Problem Description: Find the first repeating character in a string.
Example:
foobarbaz => o
Solution Approach:
- Create a dictionary
- Iterate through the string.
- If the current character is not in the dictionary, add it as a key to the dictionary and initialize its corresponding value to 1.
- If the current character is in the dictionary, increment its corresponding value.
- Iterate through the string again.
- Use the character as a key in the dictionary to find the number of occurrences of that character.
- If its value in the dictionary is greater than 1, return that character.
Problem Description: Given two reversed linked lists, each representing one integer, add those two linked lists as if they were actual correct ordered integers and return the result as a reversed linked list.
Explain how you would fill in one 3x3 sub-grid in Sudoku algorithmically with each horizontal, vertical, and diagonal adding up to 15.
Example:
| a | b | c |
|---|---|---|
| d | e | f |
| g | h | i |
Horizontally:
- a + b + c = 15
- d + e + f = 15
- g + h + i = 15
Vertically:
- a + d + g = 15
- b + e + h = 15
- c + f + i = 15
Diagonally:
- a + e + i = 15
- g + e + c = 15
Solution:
- Find all of the possible combinations adding up to 15
1 + 9 + 5, 2 + 8 + 5, 3 + 7 + 5, 4 + 6 + 5
- Keep track of how many unique combinations each number can be apart of
In the above example, 5 is used 4 times
- Note how many combinations each square requires
| 3 | 2 | 3 |
|---|---|---|
| 2 | 4 | 2 |
| 3 | 2 | 3 |
- Fill in each square according to how many times each number can be used
Since 5 can be used 4 times, it would be placed in the center cell
You have a 10x10x10 Rubik's Cube (composed of 1x1x1 cubes). The outside is painted red. How many cubes are painted red?
Solution:
Do NOT try to count the cubes on the outside. That will be extremely difficult. Instead, count the cubes that are not painted red, the inside cubes. Each direction (x, y, and z) of the inside has 8 cubes (10 total - 2 outside). Therefore, the dimension of all the inner cubes without paint is 8x8x8 = 512. Subtract 512 inner cubes from the total number of cubes (1000 - 512), and your result is 412.
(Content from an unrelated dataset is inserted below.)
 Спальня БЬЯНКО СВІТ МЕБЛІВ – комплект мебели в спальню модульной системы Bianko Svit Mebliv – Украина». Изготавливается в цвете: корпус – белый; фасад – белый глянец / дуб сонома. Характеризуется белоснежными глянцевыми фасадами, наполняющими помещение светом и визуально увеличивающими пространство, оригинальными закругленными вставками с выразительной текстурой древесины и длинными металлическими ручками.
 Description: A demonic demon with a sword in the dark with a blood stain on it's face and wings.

Three men are placed in a line, facing the same direction. Each of them is randomly given one hat to wear from a collection of 2 black hats and 3 white hats. The first man cannot see anyone's hat. The second man can only see the first man's hat. The third man can see both the first and the second man's hat. None of the men can see their own hat, and they are not allowed to speak to each other. As soon as a man knows his hat color, he will immediately announce it. After some time has passed, the first man declares that he has a white hat. He is correct. How did he know this?
Solution:
- List out all possible combinations
| W | W | W |
|---|---|---|
| W | W | B |
| W | B | W |
| B | W | W |
| W | B | B |
| B | W | B |
| B | B | W |
- Looking from the perspective of the third man, the last solution can be eliminated because if the first two men were wearing black hats, he would have known his hat was white.
| W | W | W |
|---|---|---|
| W | W | B |
| W | B | W |
| B | W | W |
| W | B | B |
| B | W | B |
- If we take the perspective of the second man, we know that between us and the first man, one of us must have a black hat and one of us must have a white; otherwise the third man would have known his hat color. If the first man was wearing a black hat, than our hat must be white, so we would have known our hat color. Therefore, we can eliminate any solution with the first man having a black hat.
| W | W | W |
|---|---|---|
| W | W | B |
| W | B | W |
| W | B | B |
- The only solutions left all have the first man wearing the white hat; therefore, the first man can conclude hat he has the white hat.